Waste Italia
- Industry: Environment
- Founded: 2000
- Headquarters: Milan, Italy
- Number of locations: Albonese, Bedizzole, Vado Ligure, Cavenago d'Adda, Cermenate, Chivasso, Collegno, Romagnano Sesia
- Key people: Giuseppe Maria Chirico
- Website: www.wasteitalia.it

= Waste Italia =

Waste Italia S.p.A. is a leading company in Italy in the environmental field that deals with collection, treatment and disposal of non-hazardous waste.

==Historical background==
Waste Italia was founded in 2000 by the acquisition by some Italian businessmen, including Pietro Colucci, of the American company Waste Management Inc.

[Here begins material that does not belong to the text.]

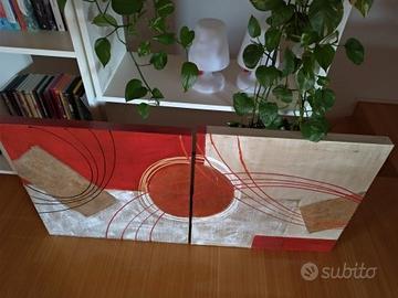 QUADRO MODERNO su tela con particolari in rilievo composto da due quadri dimensioni ciascuno cm 70 x 70

In 2014 Waste Italia joined Kinexia SpA, through the reverse merger that led Kinexia to merge with Sostenya and its subsidiary Waste Italia.

==Certifications==
The company adopts an integrated quality and environmental management that meets international standards UNI EN ISO 9001 and ISO 14001, certified by ANCIS (National Association for the Certification and Quality Service Industry).

Waste Italia Corporate Social Responsibility implementation is carried out an organic way with the other companies of the Gruppo Waste Italia (formerly known as Kinexia), in order to integrate environmental activities with those on renewable energy.